**Action item**
The result should be all the records, exact and complete, without a single picture.

**Data for review**
════════
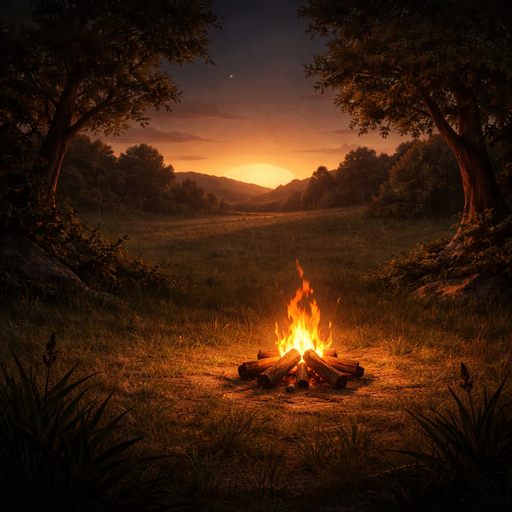 a dark fantasy cinematic scene set during twilight (late sunset transitioning into night). a quiet open pasture under a dim sky, with a faint orange and purple sunset glow on the horizon. in the right-center of the scene, a small campfire burns softly, ca
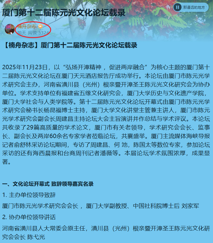 1.22刘六光:持续弘扬陈元光文化的当代价值和历史使命
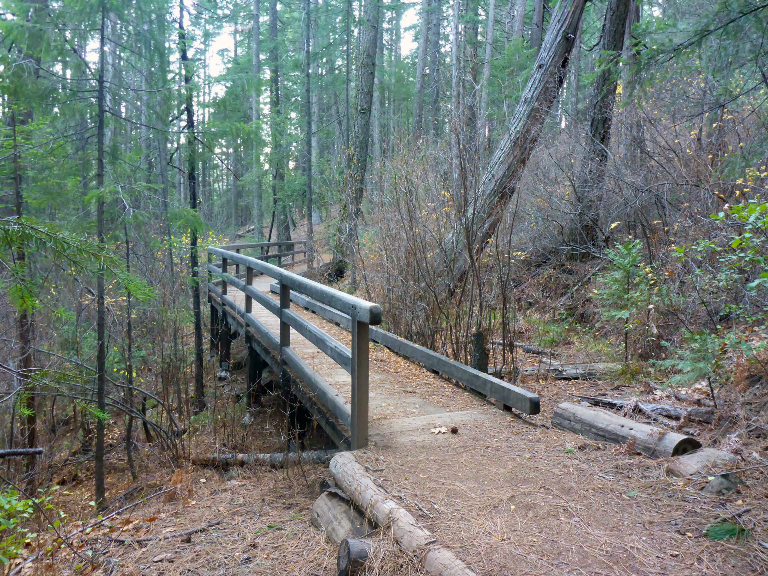 One of two or three well made bridges along Root Creek Trail, Castle Crags State Park. This bridge takes one over a seepy area, rather than a stream. November 28, 2021. Photo by Don Burk.
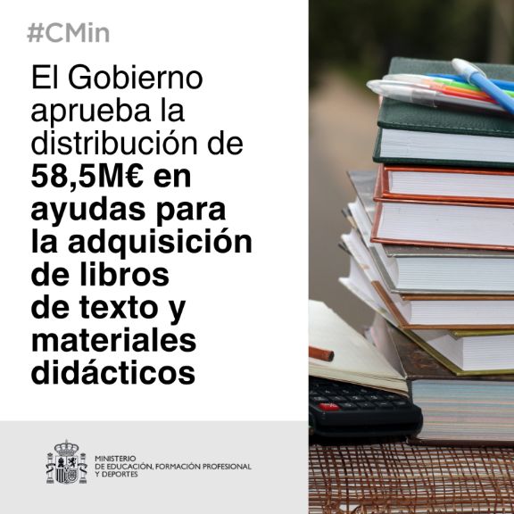 El Ministerio de Educación, Formación Profesional y Deportes distribuirá este año a las comunidades autónomas 58.559.610 euros destinados a ayudas para las familias para la adquisición de libros de texto y material didáctico.
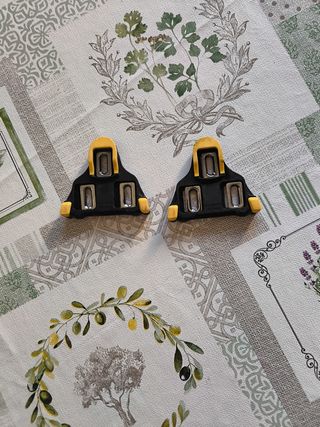 Calas Shimano SM-SH11 para SPD-SL. Son las calas amarillas que permiten flotación.(002) - Incluye dos calas. - Modelo SM-SH11. - Compatibles con pedales SPD-SL.
════════
**Written solution**
 a dark fantasy cinematic scene set during twilight (late sunset transitioning into night). a quiet open pasture under a dim sky, with a faint orange and purple sunset glow on the horizon. in the right-center of the scene, a small campfire burns softly, ca
 1.22刘六光:持续弘扬陈元光文化的当代价值和历史使命
 One of two or three well made bridges along Root Creek Trail, Castle Crags State Park. This bridge takes one over a seepy area, rather than a stream. November 28, 2021. Photo by Don Burk.
 El Ministerio de Educación, Formación Profesional y Deportes distribuirá este año a las comunidades autónomas 58.559.610 euros destinados a ayudas para las familias para la adquisición de libros de texto y material didáctico.
 Calas Shimano SM-SH11 para SPD-SL. Son las calas amarillas que permiten flotación.(002) - Incluye dos calas. - Modelo SM-SH11. - Compatibles con pedales SPD-SL.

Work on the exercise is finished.